> **WHAT THE EXERCISE ASKS**: Work through the listing below and give again exactly the lines from the one with "Write the waypoints" to the one with "Vented enclosure with 30", both ends included. All other lines and all pictures stay out.

____________________

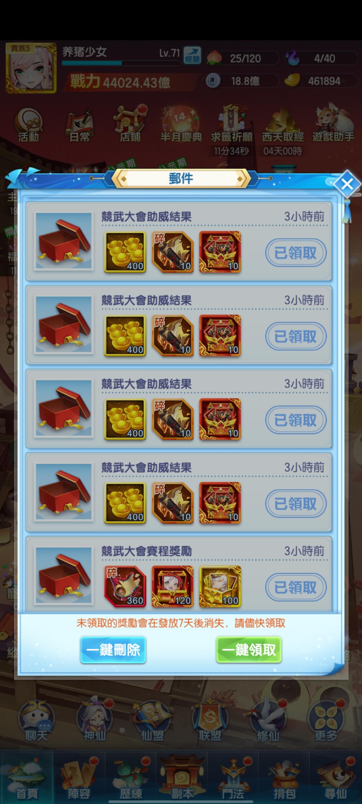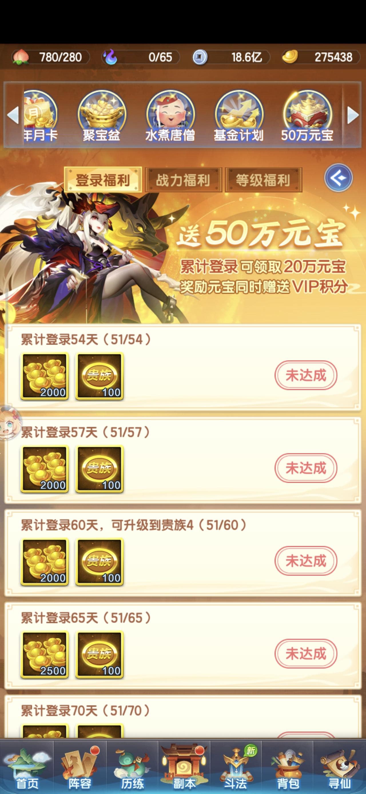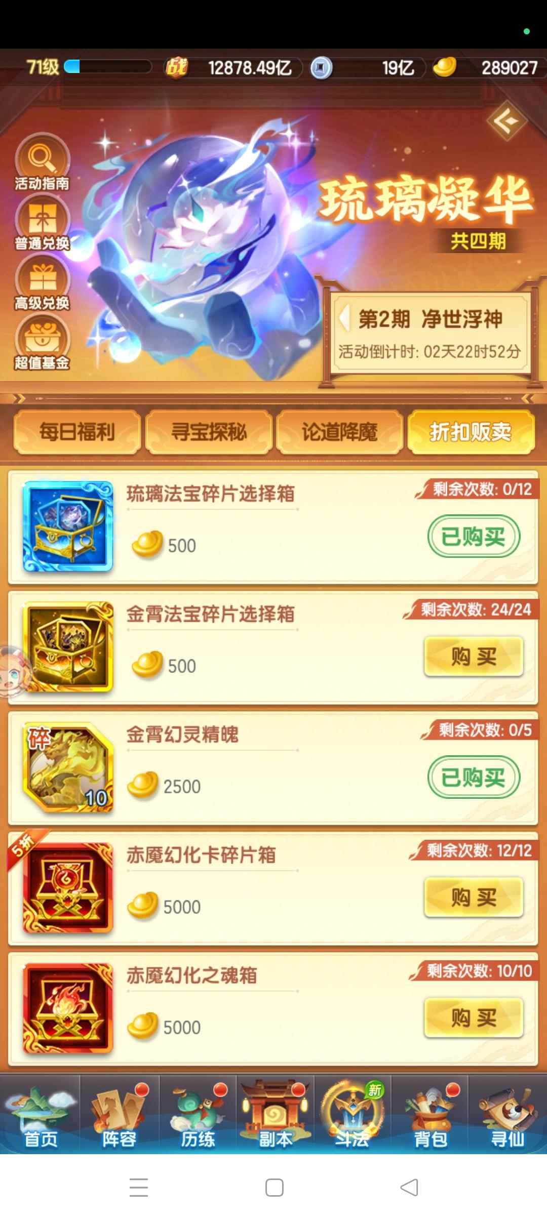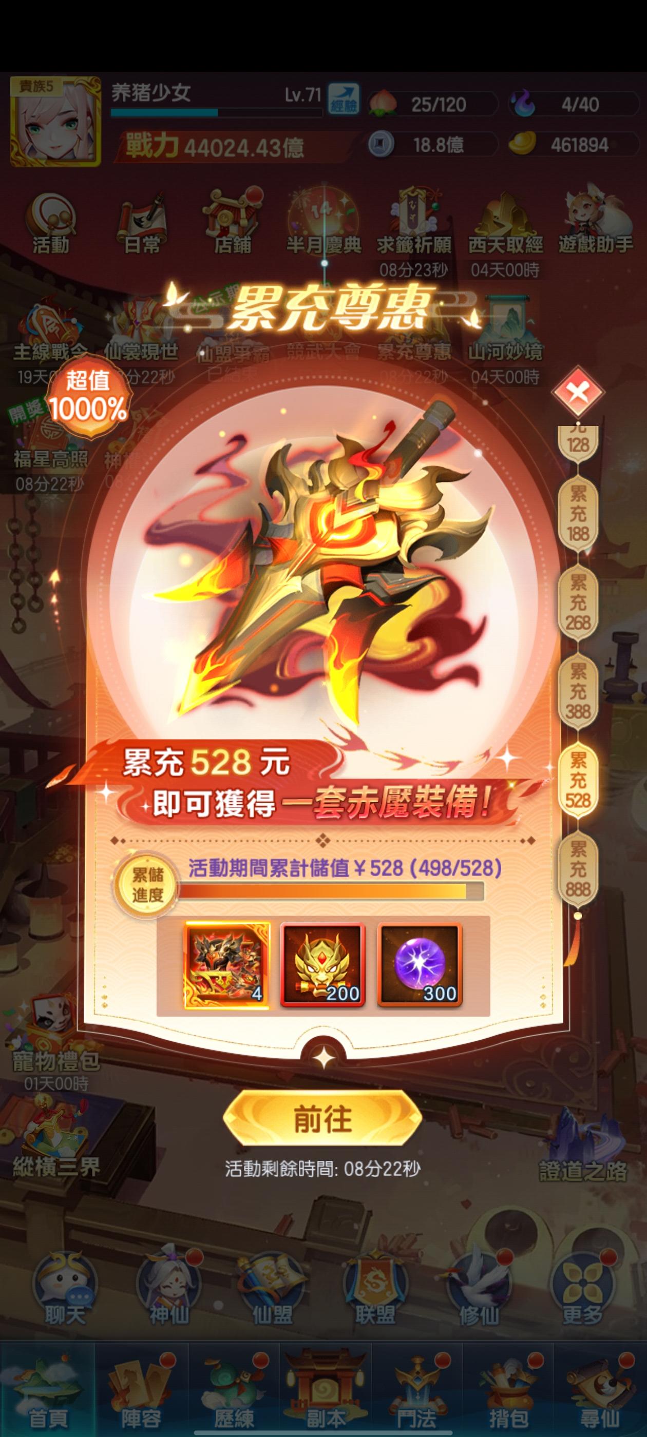 等级:71战力:4.4w亿元宝:46w氪度:498马上出村了,攒的元宝少了点,寻仙丹会仙缘三个活动都花了元宝抽奖励。 月卡纠结了一下感觉不长征法相没必要氪,还是没氪。我的赤法总是打不过别人抽到金霄神仙的紫法,只能等新神仙了。 竞武大会运气有点差了,明明是战力第9,第一次竞武大会32强,第二次16强。助威4次全错。
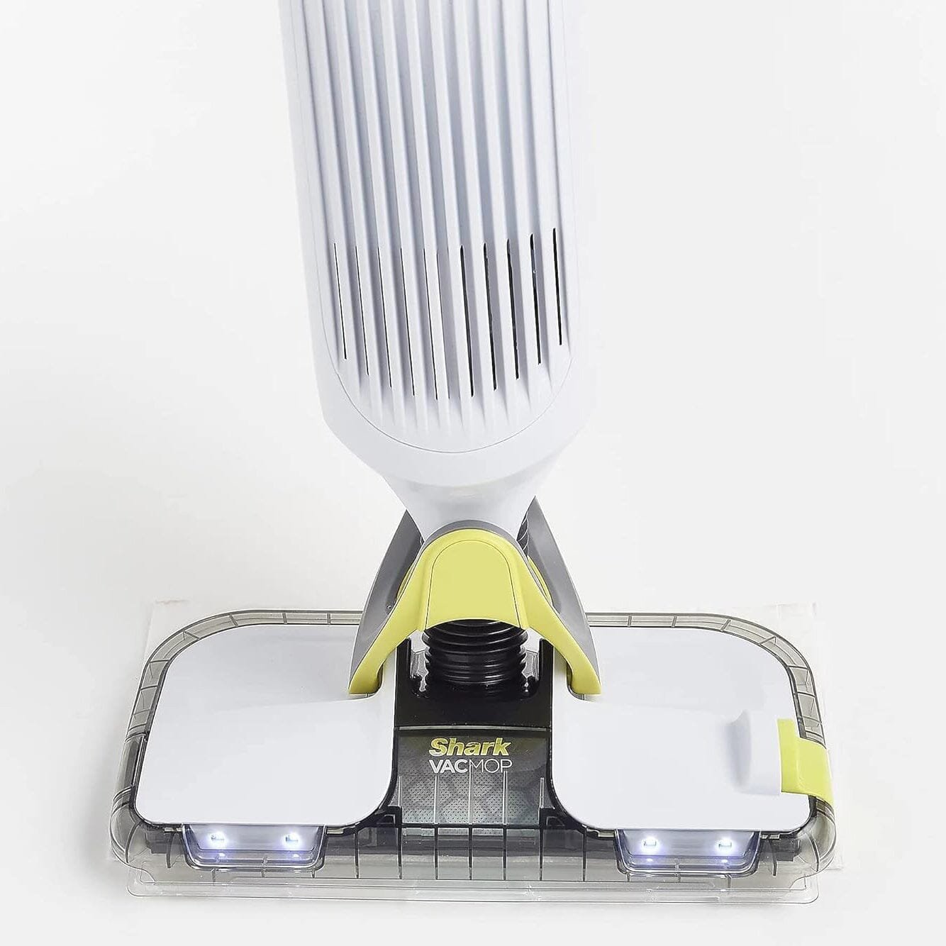 Vacuum Mop with Disposable Pad The Shark VACMOP Pro combines powerful suction for dry debris & spray mopping for wet stuck on messes in one no-touch disposable pad. VACMOP Pro features headlights + magnetic charger and comes with everything needed to complete the clean: Vacuum mop with powerful suction Clean stuck on grime with the VacMop Powerful spray mopping Vacuums with powerful suction Ultra-powerful suction locks away dirt. debris. pet hair. and more in the pad’s dirt chamber. Spray mops for finished floors Break down stuck-on messes with spray. absorb spills. and leave floors spotless. Get a complete clean Combine VACMOP disposable pads and cleaning solutions to tackle messes??specifically designed for a complete clean on sealed hard floors. Everything you need in one disposable pad. Powerful Vacuum suction Lock in dirt with this vacuum mop Absorb wet messes Toss away the pad for easy clean up Vacuum No more pushing debris around like traditional mops??powerful vacuum suction locks away all types of debris.LED headlights Automatic lights illuminate hidden debris in corners. crevices. and under furniture in your home. Lightweight and compact At less than 5 pounds. VACMOP is perfect for grab-and-go cleaning and easy storage. Magnetic charger Clicks into place on contact to make charging easy.
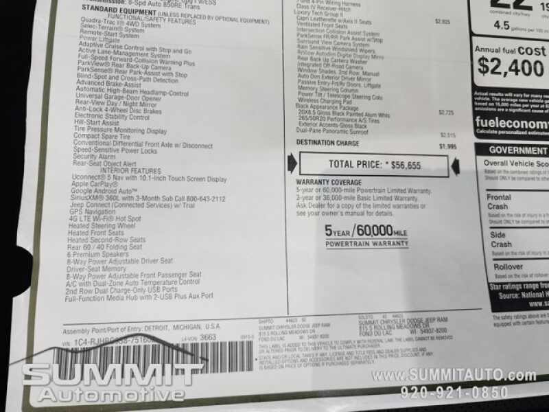 - LUXURY TECH GROUP II -inc Power Tilt/Telescope Steering Column Integrated Off-Road Camera Surround View Camera System Rain Sensitive Windshield Wipers ParkSense Front/Rear Park Assist w/Stop Front/Rear Doors & Liftgate w/Passive Entry Wireless Charging Pad Rear Back-Up Camera Washer Ventilated Front Seats Auto Dim Exterior Driver Mirror 2nd-Row Manual Window Shades Intersection Collision Assist System Rearview Autodim Digital Display Mirror Memory Steering Column
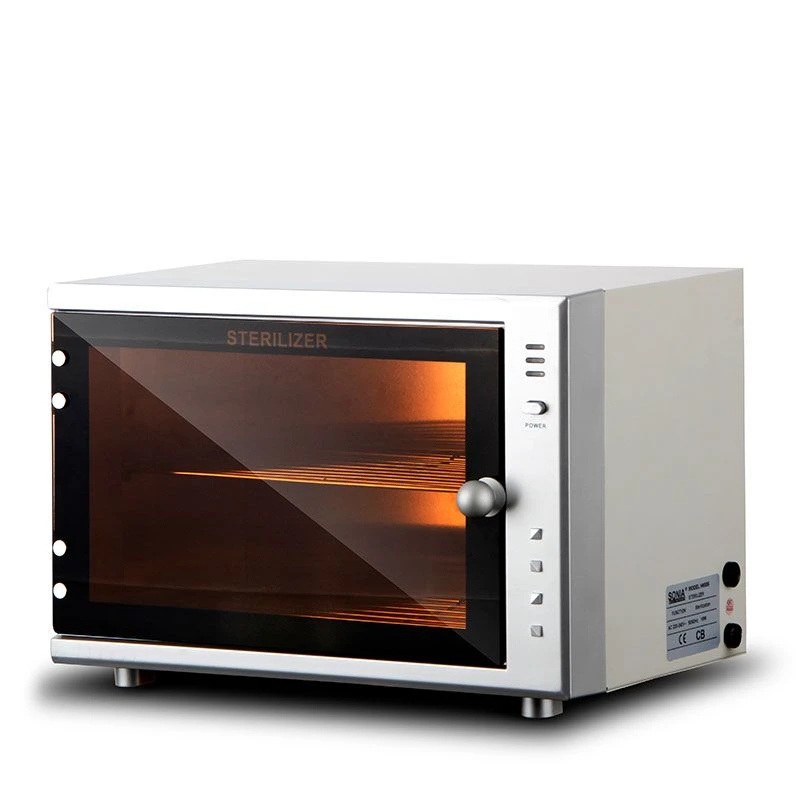 A high quality cabinet with UV light for an optical sterilization of instruments, brushes, tools, scissors and dry towels.
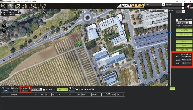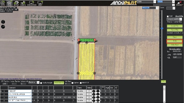 Write the waypoints to the drone when it's connected to the Mission Planner Software.
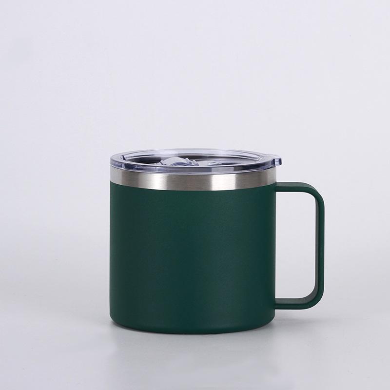 Taza de acero inoxidable 304 de 14 oz, mini taza de café portátil al vacío, taza con asa para oficina, taza térmica
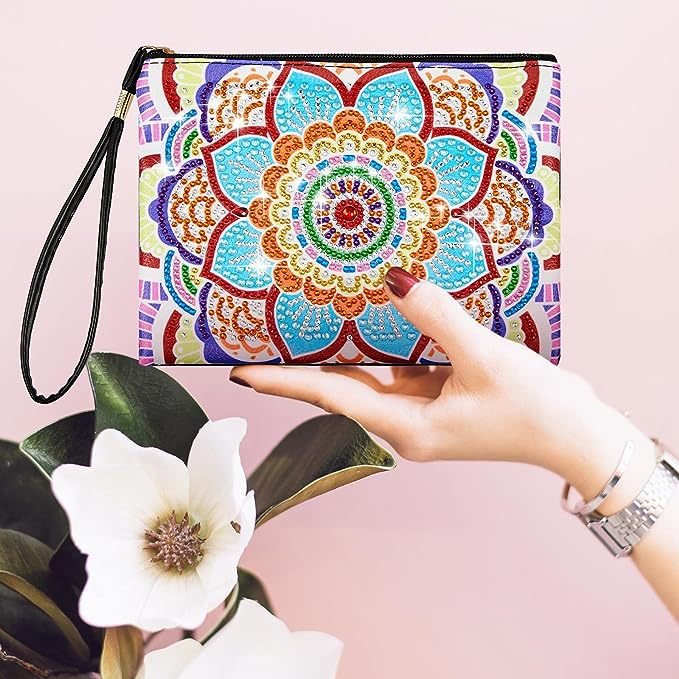 5D1ピース5D DIYダイヤモンド塗装ハンドバッグ化粧バッグ、曼荼羅スタイル手作りダイヤモンドアート工芸
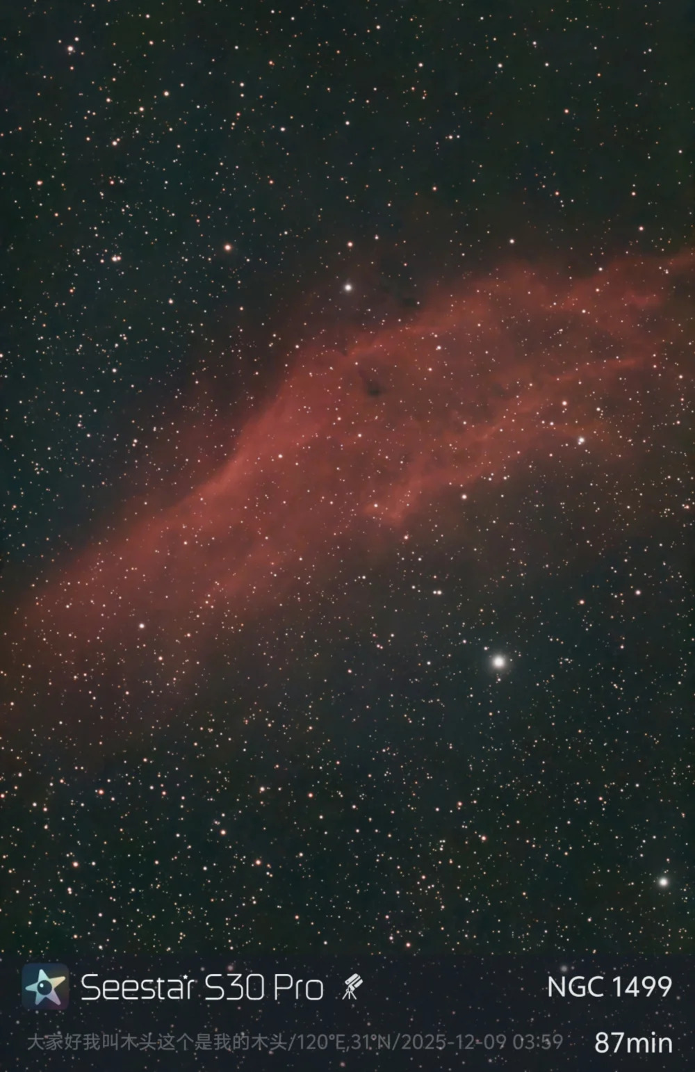 Nébuleuse California (NGC 1499) après 87min avec Seestar S30 PRO
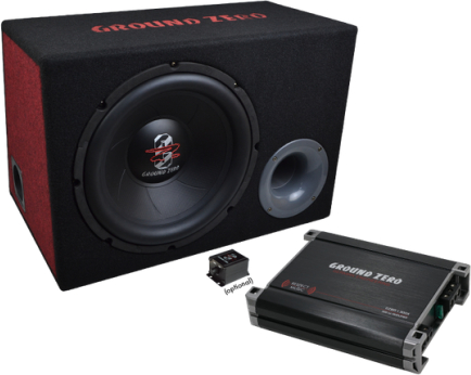 Vented enclosure with 30 cm / 12″ subwoofer and front bass vent, red logo stitch and side panels, bridgeable 2-channel amplifier Subwoofer kit with amplifier 12″ subwoofer with IMPP cone Vented enclosure with front aero-port 1.41 ft³ net volume Mono class AB amplifier 300 Watts max output power Variable active crossover Bass boost High-level input with auto-on function Optionally available with cable kit Model |
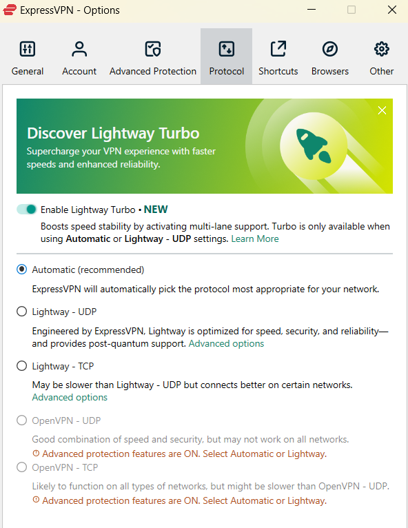 Performance drop: We love that ExpressVPN continues to evolve by expanding its Lightway protocol to Lightway Turbo. However, we experienced performance issues with the newest protocol during our recent testing. ExpressVPN has historically improved speeds, so we were disappointed that Lightway Turbo didn’t outperform the Lightway protocol.
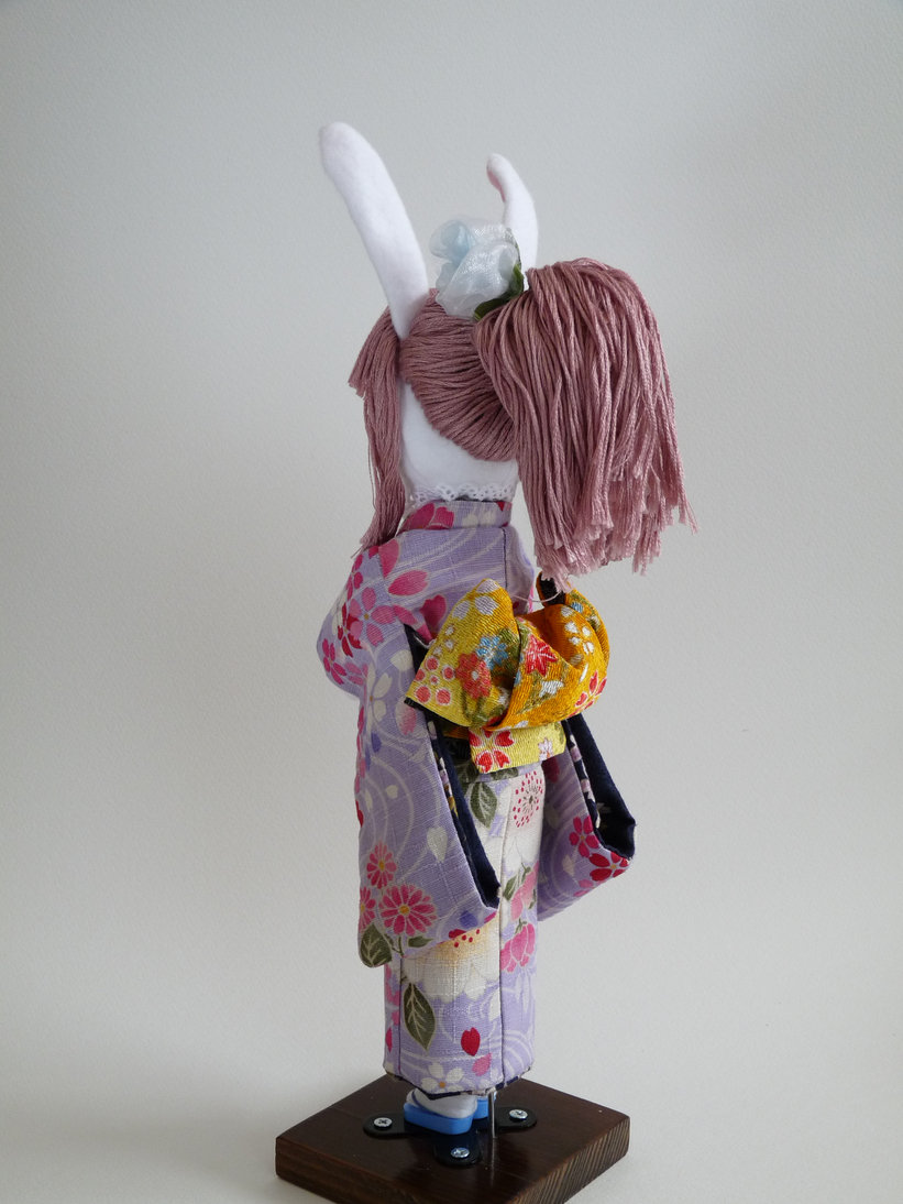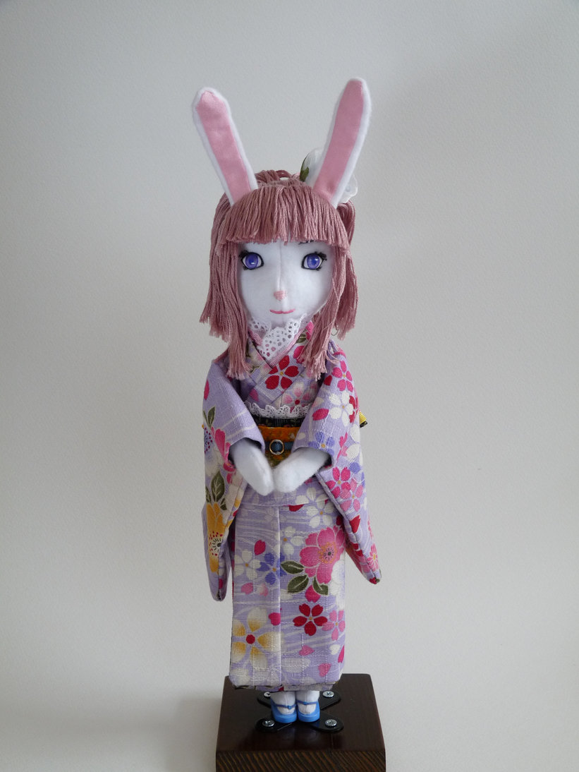 台座は木板で、足の磁石がつくように鉄をネジ止めし、本体を直立させるのにピアノ線を立ててあります。ピアノ線を裾から入れて帯まで届いています。

____________________

> **SOLUTION TO THIS TASK**:
 Write the waypoints to the drone when it's connected to the Mission Planner Software.
 Taza de acero inoxidable 304 de 14 oz, mini taza de café portátil al vacío, taza con asa para oficina, taza térmica
 5D1ピース5D DIYダイヤモンド塗装ハンドバッグ化粧バッグ、曼荼羅スタイル手作りダイヤモンドアート工芸
 Nébuleuse California (NGC 1499) après 87min avec Seestar S30 PRO
 Vented enclosure with 30 cm / 12″ subwoofer and front bass vent, red logo stitch and side panels, bridgeable 2-channel amplifier Subwoofer kit with amplifier 12″ subwoofer with IMPP cone Vented enclosure with front aero-port 1.41 ft³ net volume Mono class AB amplifier 300 Watts max output power Variable active crossover Bass boost High-level input with auto-on function Optionally available with cable kit Model |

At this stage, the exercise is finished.